Records contained in a dataset
+++
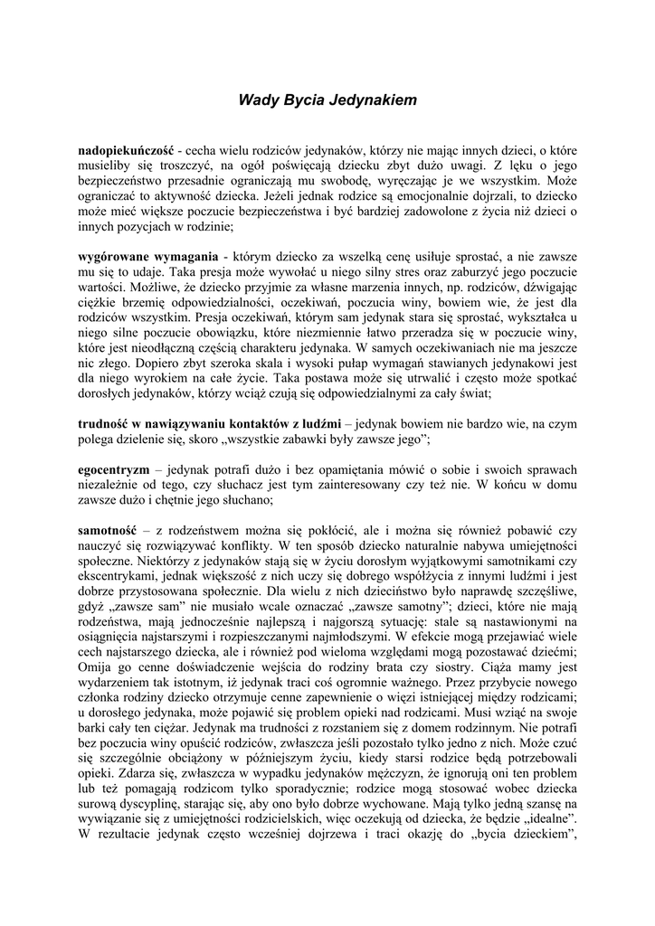 Wady Bycia Jedynakiem nadopiekuńczość - cecha wielu rodziców jedynaków, którzy nie mając innych dzieci, o które musieliby się troszczyć, na ogół poświęcają dziecku zbyt dużo uwagi. Z lęku o jego bezpieczeństwo przesadnie ograniczają mu swobodę, wyręczając je we wszystkim. Może ograniczać to aktywność dziecka. Jeżeli jednak rodzice są emocjonalnie dojrzali, to dziecko może mieć większe poczucie bezpieczeństwa i być bardziej zadowolone z życia niż dzieci o innych pozycjach w rodzinie; wygórowane wymagania - którym dziecko za wszelką cenę usiłuje sprostać, a nie zawsze mu się to udaje. Taka presja może wywołać u niego silny stres oraz zaburzyć jego poczucie wartości. Możliwe, że dziecko przyjmie za własne marzenia innych, np. rodziców, dźwigając ciężkie brzemię odpowiedzialności, oczekiwań, poczucia winy, bowiem wie, że jest dla rodziców wszystkim. Presja oczekiwań, którym sam jedynak stara się sprostać, wykształca u niego silne poczucie obowiązku, które niezmiennie łatwo przeradza się w poczucie winy, które jest nieodłączną częścią charakteru jedynaka. W samych oczekiwaniach nie ma jeszcze nic złego. Dopiero zbyt szeroka skala i wysoki pułap wymagań stawianych jedynakowi jest dla niego wyrokiem na całe życie. Taka postawa może się utrwalić i często może spotkać dorosłych jedynaków, którzy wciąż czują się odpowiedzialnymi za cały świat; trudność w nawiązywaniu kontaktów z ludźmi – jedynak bowiem nie bardzo wie, na czym polega dzielenie się, skoro „wszystkie zabawki były zawsze jego”; egocentryzm – jedynak potrafi dużo i bez opamiętania mówić o sobie i swoich sprawach niezależnie od tego, czy słuchacz jest tym zainteresowany czy też nie. W końcu w domu zawsze dużo i chętnie jego słuchano; samotność – z rodzeństwem można się pokłócić, ale i można się również pobawić czy nauczyć się rozwiązywać konflikty. W ten sposób dziecko naturalnie nabywa umiejętności społeczne. Niektórzy z jedynaków stają się w życiu dorosłym wyjątkowymi samotnikami czy ekscentrykami, jednak większość z nich uczy się dobrego współżycia z innymi ludźmi i jest dobrze przystosowana społecznie. Dla wielu z nich dzieciństwo było naprawdę szczęśliwe, gdyż „zawsze sam” nie musiało wcale oznaczać „zawsze samotny”; dzieci, które nie mają rodzeństwa, mają jednocześnie najlepszą i najgorszą sytuację: stale są nastawionymi na osiągnięcia najstarszymi i rozpieszczanymi najmłodszymi. W efekcie mogą przejawiać wiele cech najstarszego dziecka, ale i również pod wieloma względami mogą pozostawać dziećmi; Omija go cenne doświadczenie wejścia do rodziny brata czy siostry. Ciąża mamy jest wydarzeniem tak istotnym, iż jedynak traci coś ogromnie ważnego. Przez przybycie nowego członka rodziny dziecko otrzymuje cenne zapewnienie o więzi istniejącej między rodzicami; u dorosłego jedynaka, może pojawić się problem opieki nad rodzicami. Musi wziąć na swoje barki cały ten ciężar. Jedynak ma trudności z rozstaniem się z domem rodzinnym. Nie potrafi bez poczucia winy opuścić rodziców, zwłaszcza jeśli pozostało tylko jedno z nich. Może czuć się szczególnie obciążony w późniejszym życiu, kiedy starsi rodzice będą potrzebowali opieki. Zdarza się, zwłaszcza w wypadku jedynaków mężczyzn, że ignorują oni ten problem lub też pomagają rodzicom tylko sporadycznie; rodzice mogą stosować wobec dziecka surową dyscyplinę, starając się, aby ono było dobrze wychowane. Mają tylko jedną szansę na wywiązanie się z umiejętności rodzicielskich, więc oczekują od dziecka, że będzie „idealne”. W rezultacie jedynak często wcześniej dojrzewa i traci okazję do „bycia dzieckiem”, popełniając wiele błędów czy głupstw; zazwyczaj z trudem przyjmują krytykę i unikają robienia czegoś po raz drugi, jeśli usłyszały słowo krytyki już przy pierwszej próbie. Wydaje im się, że rodzice robią wszystko perfekcyjnie, a rzadko widzą, jak inne dzieci wielokrotnie próbują nowych rzeczy, zanim wykonają je właściwie - brak właściwego obrazu siebie, swych możliwości i ograniczeń przy jednoczesnej przesadnej obawie przed krytyką i oceną z zewnątrz; rodzice jedynaka mogą nie akceptować u dziecka potrzeby zabawy i robienia bałaganu. Często nie odstępują swej pociechy ani na chwilę, zbierając za nią zabawki i mówią o zadaniach, jakie muszą jeszcze wykonać. To może doprowadzić do trudności w dorosłym życiu w oddzieleniu pracy od zabawy. Zdarza się, że nie potrafią naprawdę cieszyć się zabawą ani w pełni realizować się w pracy zawodowej; jedynak pragnie sam decydować o kontaktach, ich częstotliwości i charakterze oraz pilnować, by nie stać się ofiarą. W dzieciństwie doświadczał bliskich kontaktów tylko z osobami, od których był w pełni zależny. W dorosłym życiu nie jest pewny, czy odpowiadałby mu związek, w którym byłby stroną niezależną, czy też pozwalający im „udowadniać” swą niezależność. Najczęściej nie uświadamiają sobie, że najlepsze układy partnerskie to te, w których zależność jest zmienna, i gdzie stosownie do sytuacji strony zamieniają się rolami. Polecana literatura: 1. Kümpel M., Jedynak. 2. Pitkeathley J., Emerson D., Jedynacy. 3. Richardson R.W., Richardson L.A., Najstarsze, średnie, najmłodsze. Jak kolejność narodzin wpływa na twój charakter. 4. Śledzianowski J., Jedynak w życiu małżeńskim i w rodzinie. 5. Rembowski J., Jedynactwo dzieci w domu i szkole. 6. Winnicott D. W., Dziecko, jego rodzina i świat. 7. Zborowski J., Uczeń – jedynak. mgr Anita Łukowiak doradca życia rodzinnego
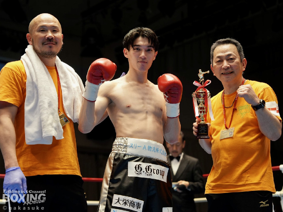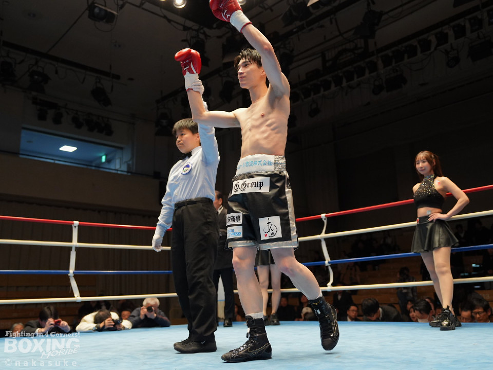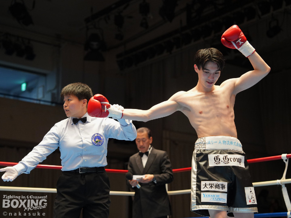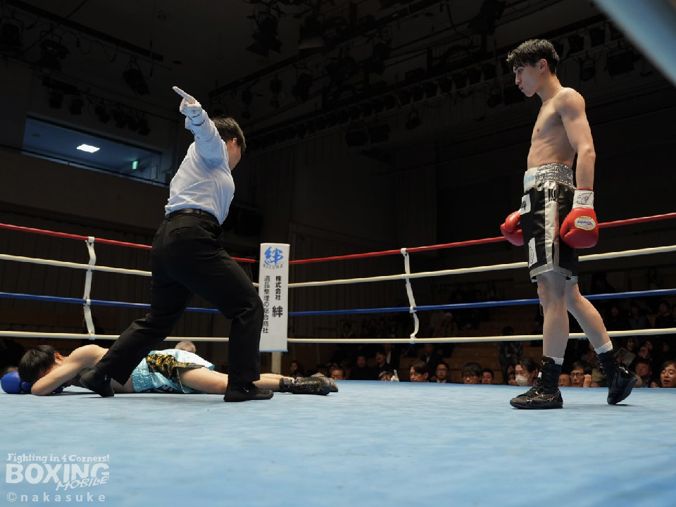 試合:安田が丁寧にジャブを突きながら様子を探るとワンツーをジャストミート!前のめりに倒れたジャカパンを見てレフェリーはノーカウントでストップした。安田が豪快KO勝ちで4勝目を挙げた。
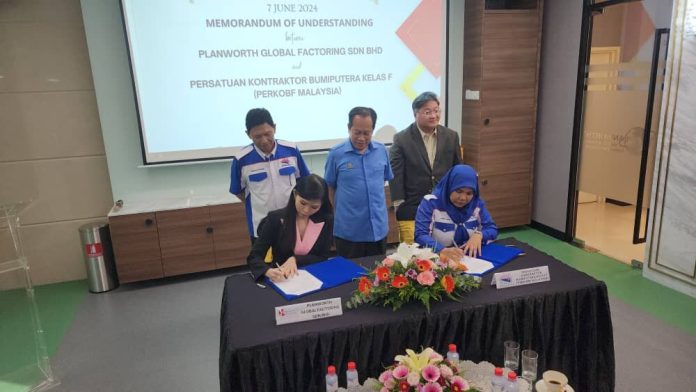 KUALA LUMPUR – Planworth Global Factoring Sdn Bhd (Planworth) menjalinkan Perjanjian Persefahaman (MoU) dengan Persatuan Kontraktor Kelas “F” Bumiputera Malaysia (PERKOBF Malaysia) bagi menyalurkan dana pembiayaan untuk membantu kontraktor kecil menjalankan kerja-kerja yang diperolehi daripada kerajaan, agensi kerajaan, Syarikat-syarikat Berkaitan Kerajaan (GLC) dan juga syarikat swasta yang terpilih.
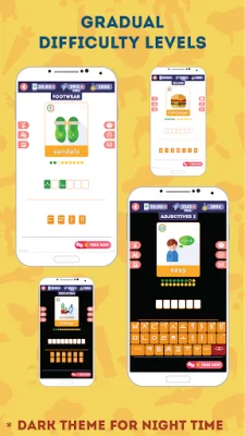 The app does not require a permanent internet connection, making it convenient for users to learn on the go. It also has a built-in dictionary to track progress and a game called "True or False" to review past material. Additionally, there are special lessons for favorite, difficult, old, and random words, as well as flexible sound settings for music, speaker, and effects.
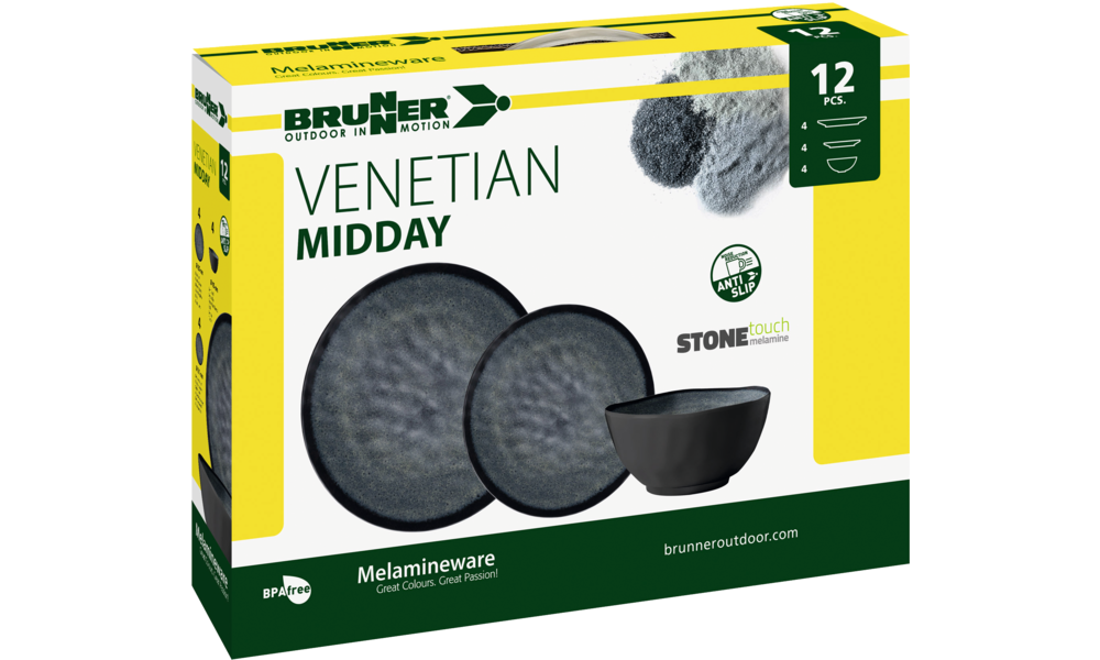 Midday-Set VENETIAN. 12-teiliges Set bestehend aus 4 Esstellern ø 25 cm, 4 Desserttellern ø 21 cm und 4 Schüsseln ø 15 cm.
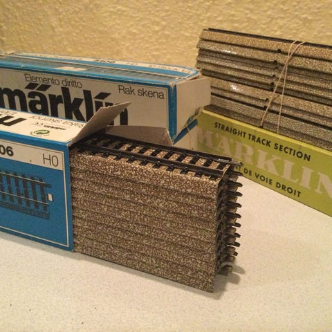 Sælger et flot og komplet parti af Märklin 5106 lige skinner (M-skinner) – i alt 6 æsker med 10 skinner i hver (60 stk. i alt).
+++
What to work on
Reproduce the lines above exactly, please, but not the pictures in them.

Output below
 Wady Bycia Jedynakiem nadopiekuńczość - cecha wielu rodziców jedynaków, którzy nie mając innych dzieci, o które musieliby się troszczyć, na ogół poświęcają dziecku zbyt dużo uwagi. Z lęku o jego bezpieczeństwo przesadnie ograniczają mu swobodę, wyręczając je we wszystkim. Może ograniczać to aktywność dziecka. Jeżeli jednak rodzice są emocjonalnie dojrzali, to dziecko może mieć większe poczucie bezpieczeństwa i być bardziej zadowolone z życia niż dzieci o innych pozycjach w rodzinie; wygórowane wymagania - którym dziecko za wszelką cenę usiłuje sprostać, a nie zawsze mu się to udaje. Taka presja może wywołać u niego silny stres oraz zaburzyć jego poczucie wartości. Możliwe, że dziecko przyjmie za własne marzenia innych, np. rodziców, dźwigając ciężkie brzemię odpowiedzialności, oczekiwań, poczucia winy, bowiem wie, że jest dla rodziców wszystkim. Presja oczekiwań, którym sam jedynak stara się sprostać, wykształca u niego silne poczucie obowiązku, które niezmiennie łatwo przeradza się w poczucie winy, które jest nieodłączną częścią charakteru jedynaka. W samych oczekiwaniach nie ma jeszcze nic złego. Dopiero zbyt szeroka skala i wysoki pułap wymagań stawianych jedynakowi jest dla niego wyrokiem na całe życie. Taka postawa może się utrwalić i często może spotkać dorosłych jedynaków, którzy wciąż czują się odpowiedzialnymi za cały świat; trudność w nawiązywaniu kontaktów z ludźmi – jedynak bowiem nie bardzo wie, na czym polega dzielenie się, skoro „wszystkie zabawki były zawsze jego”; egocentryzm – jedynak potrafi dużo i bez opamiętania mówić o sobie i swoich sprawach niezależnie od tego, czy słuchacz jest tym zainteresowany czy też nie. W końcu w domu zawsze dużo i chętnie jego słuchano; samotność – z rodzeństwem można się pokłócić, ale i można się również pobawić czy nauczyć się rozwiązywać konflikty. W ten sposób dziecko naturalnie nabywa umiejętności społeczne. Niektórzy z jedynaków stają się w życiu dorosłym wyjątkowymi samotnikami czy ekscentrykami, jednak większość z nich uczy się dobrego współżycia z innymi ludźmi i jest dobrze przystosowana społecznie. Dla wielu z nich dzieciństwo było naprawdę szczęśliwe, gdyż „zawsze sam” nie musiało wcale oznaczać „zawsze samotny”; dzieci, które nie mają rodzeństwa, mają jednocześnie najlepszą i najgorszą sytuację: stale są nastawionymi na osiągnięcia najstarszymi i rozpieszczanymi najmłodszymi. W efekcie mogą przejawiać wiele cech najstarszego dziecka, ale i również pod wieloma względami mogą pozostawać dziećmi; Omija go cenne doświadczenie wejścia do rodziny brata czy siostry. Ciąża mamy jest wydarzeniem tak istotnym, iż jedynak traci coś ogromnie ważnego. Przez przybycie nowego członka rodziny dziecko otrzymuje cenne zapewnienie o więzi istniejącej między rodzicami; u dorosłego jedynaka, może pojawić się problem opieki nad rodzicami. Musi wziąć na swoje barki cały ten ciężar. Jedynak ma trudności z rozstaniem się z domem rodzinnym. Nie potrafi bez poczucia winy opuścić rodziców, zwłaszcza jeśli pozostało tylko jedno z nich. Może czuć się szczególnie obciążony w późniejszym życiu, kiedy starsi rodzice będą potrzebowali opieki. Zdarza się, zwłaszcza w wypadku jedynaków mężczyzn, że ignorują oni ten problem lub też pomagają rodzicom tylko sporadycznie; rodzice mogą stosować wobec dziecka surową dyscyplinę, starając się, aby ono było dobrze wychowane. Mają tylko jedną szansę na wywiązanie się z umiejętności rodzicielskich, więc oczekują od dziecka, że będzie „idealne”. W rezultacie jedynak często wcześniej dojrzewa i traci okazję do „bycia dzieckiem”, popełniając wiele błędów czy głupstw; zazwyczaj z trudem przyjmują krytykę i unikają robienia czegoś po raz drugi, jeśli usłyszały słowo krytyki już przy pierwszej próbie. Wydaje im się, że rodzice robią wszystko perfekcyjnie, a rzadko widzą, jak inne dzieci wielokrotnie próbują nowych rzeczy, zanim wykonają je właściwie - brak właściwego obrazu siebie, swych możliwości i ograniczeń przy jednoczesnej przesadnej obawie przed krytyką i oceną z zewnątrz; rodzice jedynaka mogą nie akceptować u dziecka potrzeby zabawy i robienia bałaganu. Często nie odstępują swej pociechy ani na chwilę, zbierając za nią zabawki i mówią o zadaniach, jakie muszą jeszcze wykonać. To może doprowadzić do trudności w dorosłym życiu w oddzieleniu pracy od zabawy. Zdarza się, że nie potrafią naprawdę cieszyć się zabawą ani w pełni realizować się w pracy zawodowej; jedynak pragnie sam decydować o kontaktach, ich częstotliwości i charakterze oraz pilnować, by nie stać się ofiarą. W dzieciństwie doświadczał bliskich kontaktów tylko z osobami, od których był w pełni zależny. W dorosłym życiu nie jest pewny, czy odpowiadałby mu związek, w którym byłby stroną niezależną, czy też pozwalający im „udowadniać” swą niezależność. Najczęściej nie uświadamiają sobie, że najlepsze układy partnerskie to te, w których zależność jest zmienna, i gdzie stosownie do sytuacji strony zamieniają się rolami. Polecana literatura: 1. Kümpel M., Jedynak. 2. Pitkeathley J., Emerson D., Jedynacy. 3. Richardson R.W., Richardson L.A., Najstarsze, średnie, najmłodsze. Jak kolejność narodzin wpływa na twój charakter. 4. Śledzianowski J., Jedynak w życiu małżeńskim i w rodzinie. 5. Rembowski J., Jedynactwo dzieci w domu i szkole. 6. Winnicott D. W., Dziecko, jego rodzina i świat. 7. Zborowski J., Uczeń – jedynak. mgr Anita Łukowiak doradca życia rodzinnego
 試合:安田が丁寧にジャブを突きながら様子を探るとワンツーをジャストミート!前のめりに倒れたジャカパンを見てレフェリーはノーカウントでストップした。安田が豪快KO勝ちで4勝目を挙げた。
 KUALA LUMPUR – Planworth Global Factoring Sdn Bhd (Planworth) menjalinkan Perjanjian Persefahaman (MoU) dengan Persatuan Kontraktor Kelas “F” Bumiputera Malaysia (PERKOBF Malaysia) bagi menyalurkan dana pembiayaan untuk membantu kontraktor kecil menjalankan kerja-kerja yang diperolehi daripada kerajaan, agensi kerajaan, Syarikat-syarikat Berkaitan Kerajaan (GLC) dan juga syarikat swasta yang terpilih.
 The app does not require a permanent internet connection, making it convenient for users to learn on the go. It also has a built-in dictionary to track progress and a game called "True or False" to review past material. Additionally, there are special lessons for favorite, difficult, old, and random words, as well as flexible sound settings for music, speaker, and effects.
 Midday-Set VENETIAN. 12-teiliges Set bestehend aus 4 Esstellern ø 25 cm, 4 Desserttellern ø 21 cm und 4 Schüsseln ø 15 cm.
 Sælger et flot og komplet parti af Märklin 5106 lige skinner (M-skinner) – i alt 6 æsker med 10 skinner i hver (60 stk. i alt).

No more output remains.